To: Ingo Molnar <mingo@elte.hu>
Cc: Lee Revell <rlrevell@joe-job.com>, Free Ekanayaka <free@agnula.org>,
       Eric St-Laurent <ericstl34@sympatico.ca>,
       linux-kernel <linux-kernel@vger.kernel.org>,
       "K.R. Foley" <kr@cybsft.com>,
       Felipe Alfaro Solana <lkml@felipe-alfaro.com>,
       Daniel Schmitt <pnambic@unu.nu>,
       "P.O. Gaillard" <pierre-olivier.gaillard@fr.thalesgroup.com>,
       nando@ccrma.stanford.edu, luke@audioslack.com, free78@tin.it
From: Mark_H_Johnson@raytheon.com
Subject: Re: [patch] voluntary-preempt-2.6.9-rc1-bk4-R1
Date: Tue, 7 Sep 2004 11:54:22 -0500
Message-ID: <OFD3DB738F.105F62D0-ON86256F08.005CDE25-86256F08.005CDE44@raytheon.com>
MIME-Version: 1.0
Content-type: text/plain; charset=US-ASCII
Sender: linux-kernel-owner@vger.kernel.org
Content-Length: 11974
Lines: 308

Results from this morning's test with -R1 and some follow up on
related messages.

Two runs with -R1 plus the following changes
 - a change to the ensonic driver to reduce latency
 - added mcount() calls in sched.c and timer_tsc.c
 - disabled inline functions in sched.c
The last two so we can see the steps a little more clearly.

The differences between the runs was:
 - first run had DRI and hardware acceleration enabled
 - second run disabled DRI / hardware acceleration
as suggested by Lee Revell.

>From Lee Revell <rlrevell@joe-job.com>
>This is looking more and more like a video driver problem:
>...
>The easiest way to eliminate this possibility is to disable DRI and set
>'Option "NoAccel"' in your X config.  Do you get the same mysterious
>latencies with this setting?

I am not sure I see any significant differences in latencies. Most of
the large delays occur during disk reads and the number of traces >
500 usec was over 100 in both tests (about 30 minutes each). There were
also more latency traces per minute during disk reads when DRI was
disabled. There were however none of the "find_next_bit" traces in the
NoAccel run with significant time delays so that may indicate some
display problems but not sure. See below for details.

Side Comment
============

If you look at the date / time of the traces, you will notice that
most occur in the latter part of the test. This is during the
"disk copy" and "disk read" parts of the testing. To illustrate, the
first 10 traces take about 20 minutes to collect; the last 90 are
collected in 15 and 9 minutes (first and second test).

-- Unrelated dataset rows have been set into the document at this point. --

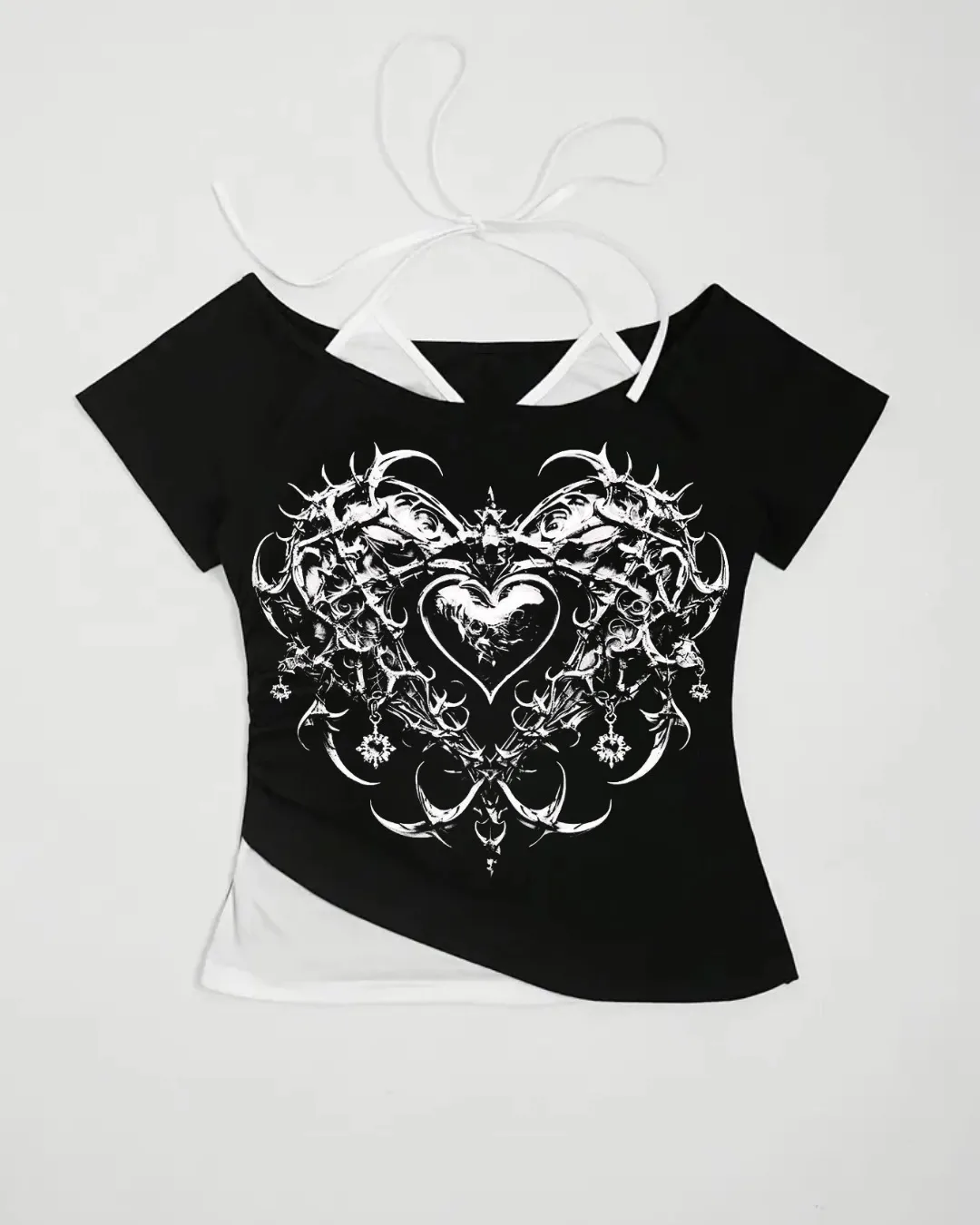 Siyah Gothic Love Yaka Ek Askılı Kısa Kollu Full Body Crop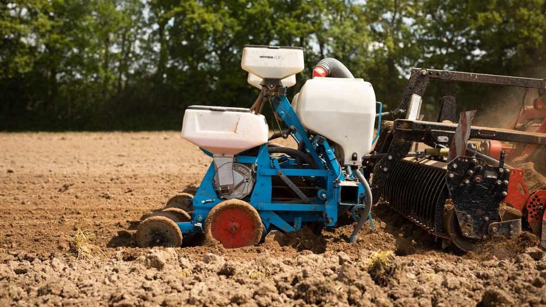 Quando i vani della seminatrice sono pieni, il coltivatore semina il mais © Ed Alcock/MYOP, Le Monde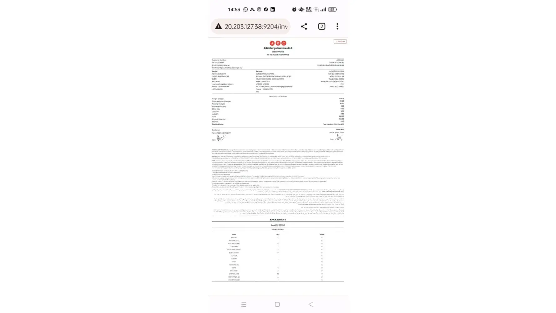 Displayed as completed they left my home. They didn't provide me with any bills despite of asking. Its been 11 days and upon enquiring I found the box is still in Dxb on 11th Oct. Upon investigation no one had a clue what happened. You have lost my trust, my time and damage of quality of items worth 1000 dhs. This is 2nd time this is happening last time you left the items somewhere where items reached India which all items eaten by rats. What I understood is that you lack of commitment and irresponsible behaviour towards expat valuable items to their loved had been taken for granted. I had reported the same to Saad. This is my first and last time to use your pathetic svc. I will def make sure this is spread by word of mouth and social media.

It is also encouraging that the longest trace is < 800 usec in these
two runs. This is far better than what I saw a couple weeks ago.

Shortest trace
==============

preemption latency trace v1.0.5 on 2.6.9-rc1-VP-R1
--------------------------------------------------
 latency: 550 us, entries: 6 (6)
    -----------------
    | task: cat/6771, uid:0 nice:0 policy:0 rt_prio:0
    -----------------
 => started at: kmap_atomic+0x23/0xe0
 => ended at:   kunmap_atomic+0x7b/0xa0
=======>
00000001 0.000ms (+0.000ms): kmap_atomic (file_read_actor)
00000001 0.000ms (+0.000ms): page_address (file_read_actor)
00000001 0.000ms (+0.549ms): __copy_to_user_ll (file_read_actor)
00000001 0.550ms (+0.000ms): kunmap_atomic (file_read_actor)
00000001 0.550ms (+0.000ms): sub_preempt_count (kunmap_atomic)
00000001 0.550ms (+0.000ms): update_max_trace (check_preempt_timing)

The 1/2 msec latency in __copy_to_user_ll occurred a few more times
in both tests.

Find Next Bit
=============

It appears that -R1 has significantly fewer cases where the code in
find_next_bit is delayed. To summarize:

# grep find_next_bit lt040903/lt*/lt.* | grep '(+0.1' | wc -l
63
# grep find_next_bit lt040907/lt*/lt.* | grep '(+0.1' | wc -l
0

[counting number of trace entries w/ 100-199 usec latencies]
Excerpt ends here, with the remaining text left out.